Alerting · obserae

Alerting is the response half of obserae’s NDR workflow: detection raises a signal, alerting decides when that signal is worth acting on and routes it out (see outputs for webhooks, chat, on-call and SIEM). obserae does not block traffic itself — enforcement stays on your firewalls; obserae tells you and your tools what to act on.

obserae turns the NFQL query language into a simple, powerful alerting system. You write a query that describes something you want to watch for, save it, and wrap an alert rule around it. obserae runs your rules in the background and raises an alert whenever one matches.

The idea in one sentence: the query does the detecting, the rule decides when that counts as an alert.

Three pages work together:

Investigation — write, test and save your NFQL queries.
Rules — build alert rules on top of saved queries.
Detection — see, triage and clear the alerts that fired.

1. Write and save a query

Open Investigation, write a query, and press Run to check it returns what you expect. For example, “SSH sessions reaching one of my servers”:

FROM sessions
| LAST 300
| WHERE server_port == 22
| KEEP ip_a, ip_b

When you’re happy, use Saved ▾ → Save as… to store it with a name and (optionally) some tags. Saved queries keep a creation/modification date and a revision number that ticks up every time you change them — so you always know which version is live.

Tip — the LAST window is required. An alert query must include a LAST <seconds> clause (here LAST 300 = the last 5 minutes).
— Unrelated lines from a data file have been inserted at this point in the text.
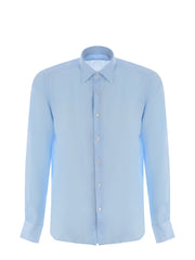 Shirt Xacus made of Light Blue linen. Collar. Long sleeves. Cuffs with buttons. Button closure on the front. Tailor fit.
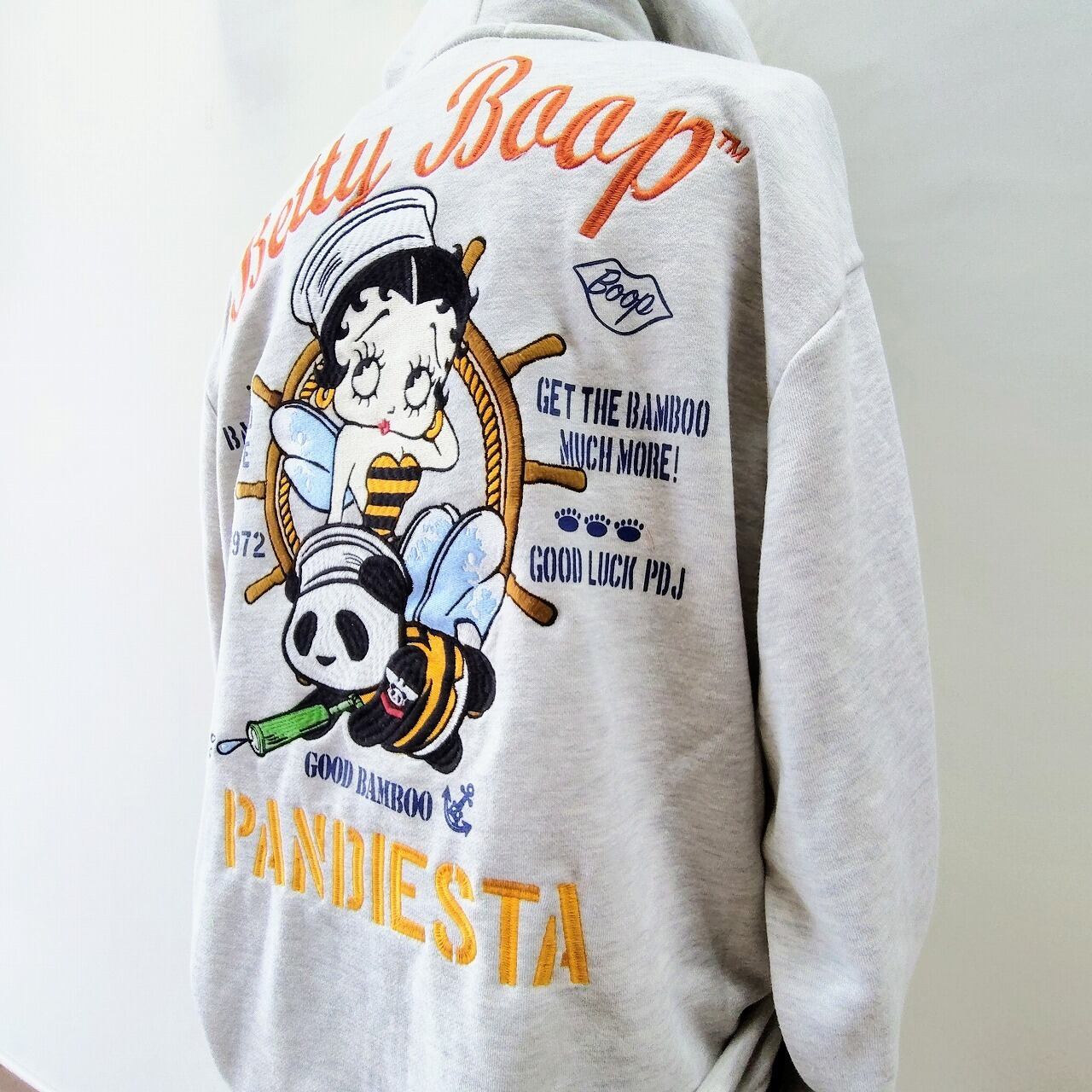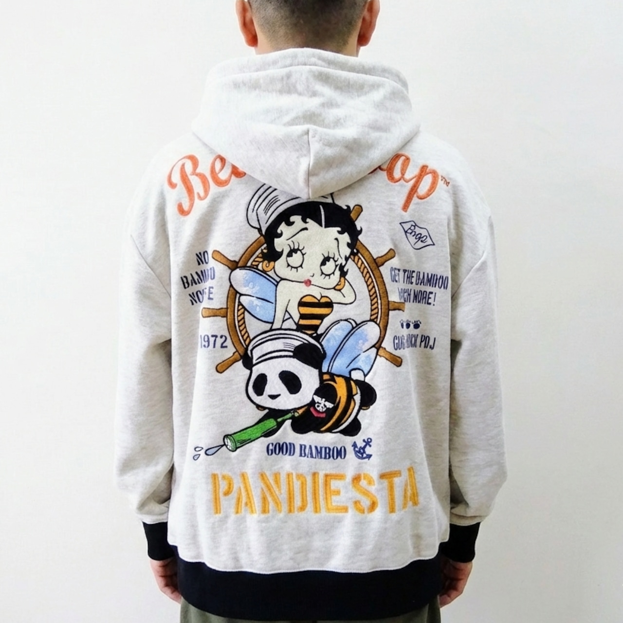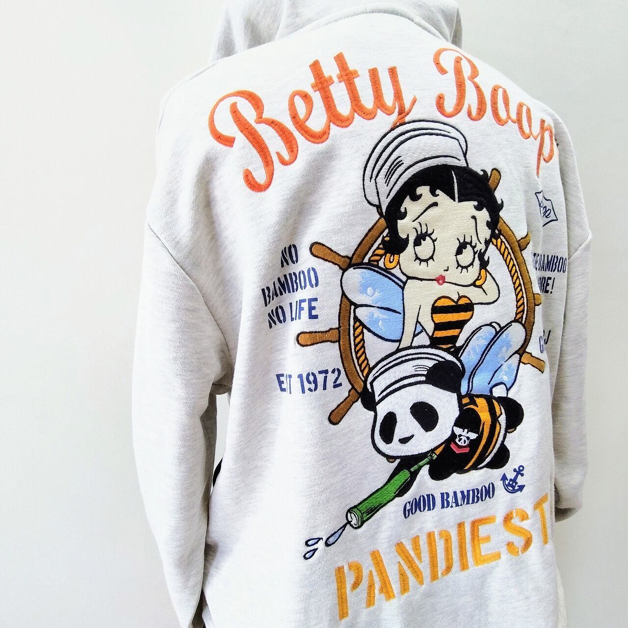 こちらのパーカーは、愛らしいパンダとベティちゃんがミツバチに変身するデザインが特徴です!
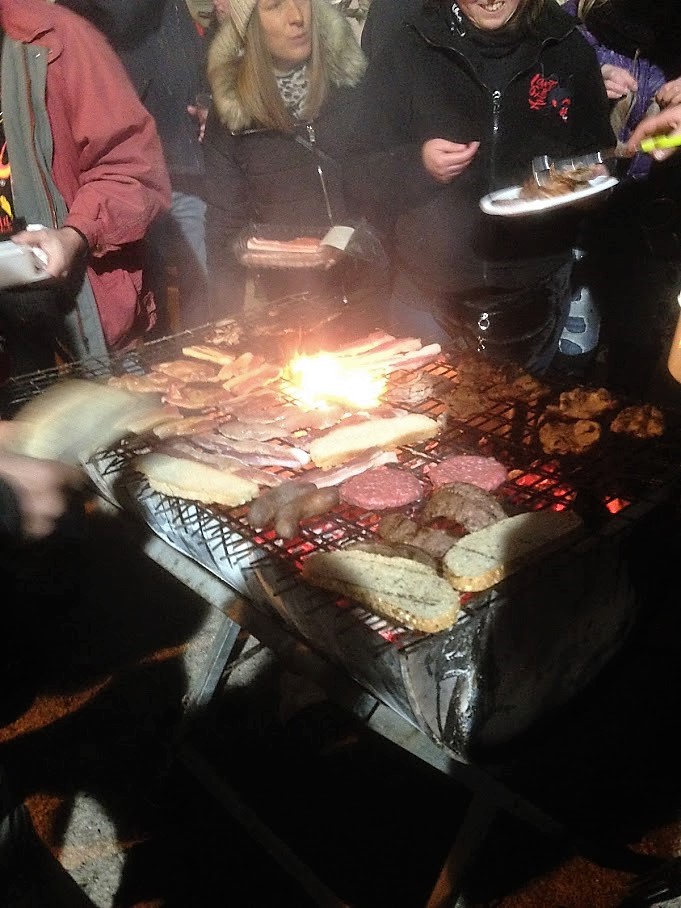 There were people everywhere. You had to squeeze through huge groups. Anyone claustrophobic would’ve died. It was an absolute mass of people. There were many grills all over the place. We picked one that wasn’t totally full of meat and slapped our sausages on it. Everyone grills their meat then wraps it in a piece of bread. So we did the same thing. We haven’t had grilled meat in years and it was really good.

Without it, the rule would re-scan your whole history on every run. Pick a window at least as long as how often the rule will run.

2. Build a rule

Open Rules → + New rule and fill the form. The field names below match the form exactly:

Name and Description.
Saved query — the query the rule runs. Start typing to search your saved queries: a plain word matches the name, description, tags or query text, and you can target a field with name:… or tag:… (e.g. tag:critical). Each result shows the query’s name, revision, tags and a preview of its NFQL — click one to pick it. The query must contain a LAST <window> clause and no ? parameters; the form rejects it otherwise.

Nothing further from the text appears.